Бродский дал мне только стихи, написанные в Америке, — ни замечательного «Рождественского романса», ничего из того периода, когда голос его, свежий и чистый, прорвался сквозь заскорузлую ту атмосферу... Кстати, я, по-моему, в беседе с тобой упомянул однажды о том, что не­которые поэты молодого поколения пред­ставляют собой хоровое исполнение сольной арии Бродского. Это правда, но у него еще судьба была, а у них...

«БРОДСКИЙ — НАСТОЯЩИЙ ПОЭТ, РОЖДЕННЫЙ, ОДНАКО НЕДОСТАЕТ ЕМУ ПРОСТОЙ ВЕЩИ. ФОРМА БЛЕСТЯЩАЯ, КАК ЛАКИРОВАННЫЙ ПАНЦИРЬ ЖУКА, НО ЗА НЕЙ НЕ ЧУВСТВУЕТСЯ ТЕМПЕРАТУРА ЧЕЛОВЕЧЕСКОГО ТЕЛА» 

— Бродский — хороший поэт?

— Настоящий, рожденный, однако недостает ему, знаешь, простой вещи. Форма блестящая, как лакированный панцирь жука, но за ней не чувствуется температура человеческого тела, не хватает теплинки...

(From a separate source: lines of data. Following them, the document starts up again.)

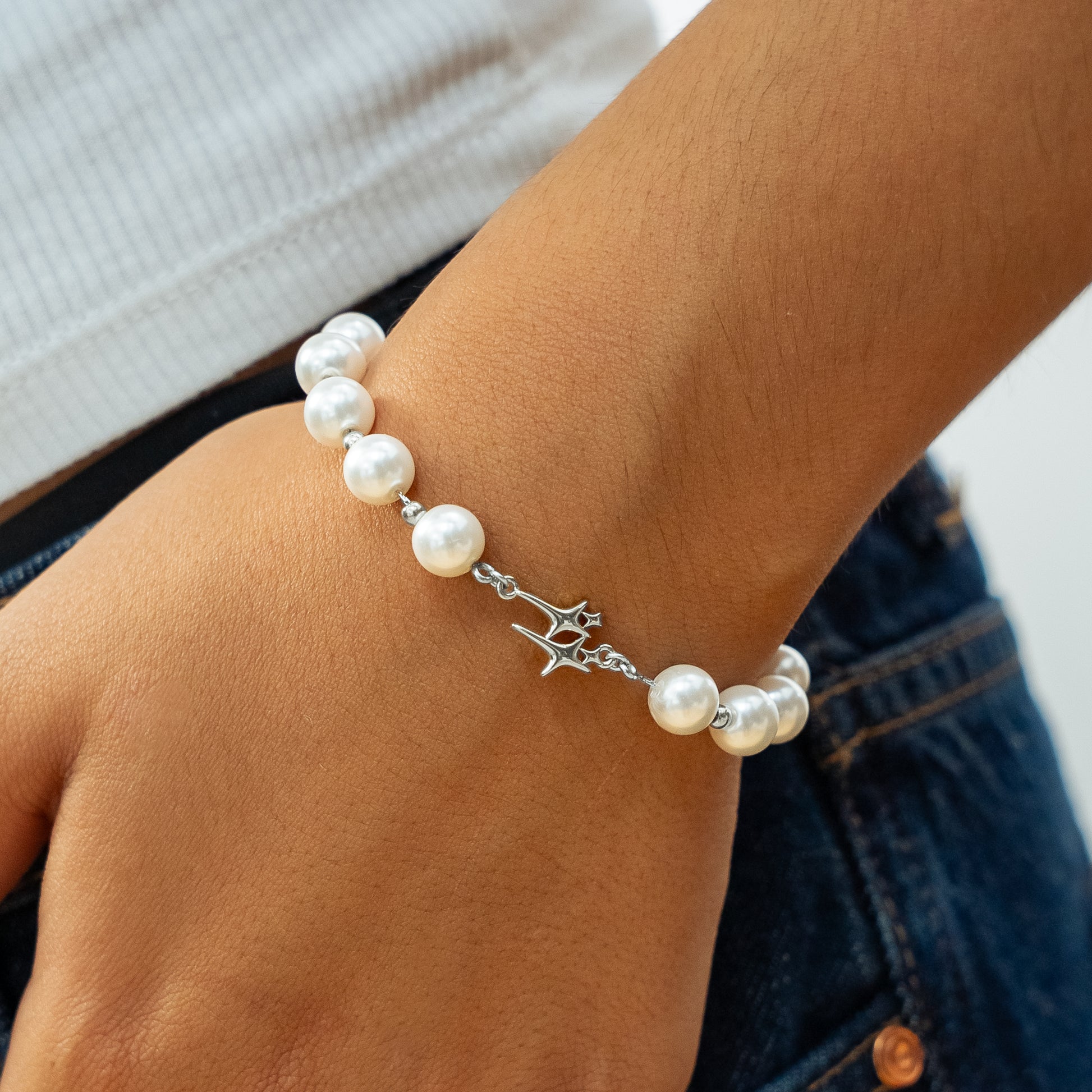 Découvrez notre bracelet perlé Double Stars, une pièce à la fois minimaliste et éclatante. Composé de perles blanches de 8 mm, il se distingue par un double logo Make it Shine positionné au centre, apportant une touche subtile et élégante. Une création épurée qui allie douceur et caractère, idéale pour compléter un look raffiné avec une signature discrète.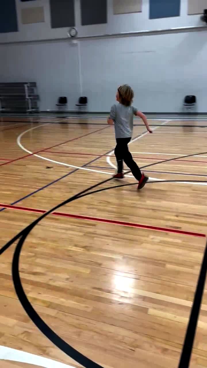 A young boy punts a soccer ball from the half court line of a basketball court and makes the ball into the basket and runs around the gym to celebrate.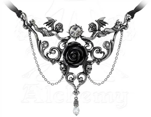 A large, elaborate symmetrical pewter necklace of Baroque scrolls set with three clear Swarovski crystals and a large, black resin rose at its centre above two small skulls, hung with draped trace chain and surmounted by two bat-winged cherubs; on a 7mm wide black satin ribbon fastened with an adjustable pewter slide, allowing a choker fitting or up to 34″ (86cm) long overall.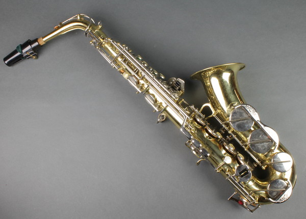 A Corton brass saxophone in a carrying case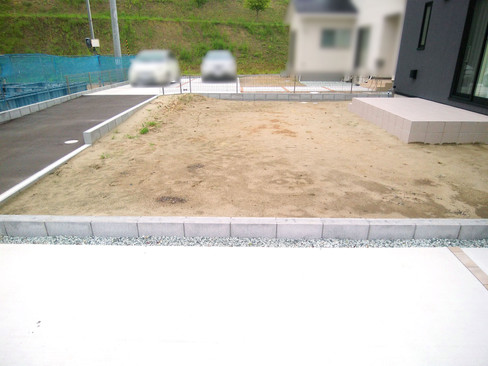また、庭には物置設置・コンクリート平板敷き・天然芝張り・花壇枠の設置をしていきます。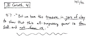 Following Christmas vacation, the four of them decided they'd like to write additional songs to add to their live repertoire and satisfy the requirements of their recording studio class, but thought it would be appropriate to give a name to these collaborations. Charlie recalled a Bible verse he had read which discussed the frailty of man, and the irony that this amazing life has been breathed into our frail, physical bodies by our Lord. This passage, which related the struggles of man and the testing of our wills and bodies, which ultimately provides us the strength to endure the hardships of life, included the phrase "Jars of Clay". The phrase was penned by the Apostle Paul, and was from 2 Corinthians, chapter four verse seven: "But we have this treasure in jars of clay, to show that this all-surpassing power is from God and not from us". The band thought that was a good way to keep themselves humble - to have a band name that would force them to continually realize that all of their blessings had come from God, including this talent to write songs that their classmates enjoyed. So in January of 1994, Jars of Clay was born.

— ...мертвечинка немножко...

— Нет, мертвечинка — это чересчур, но теплинки бы человеческой добавить не помешало, поэтому я вынужден был поправить Иосифа — поставил в книгу свой подбор его произведений, лучшие стихи, написанные им до отъезда. Не потому, что хотел что-то противопоставить его географическому местонахождению...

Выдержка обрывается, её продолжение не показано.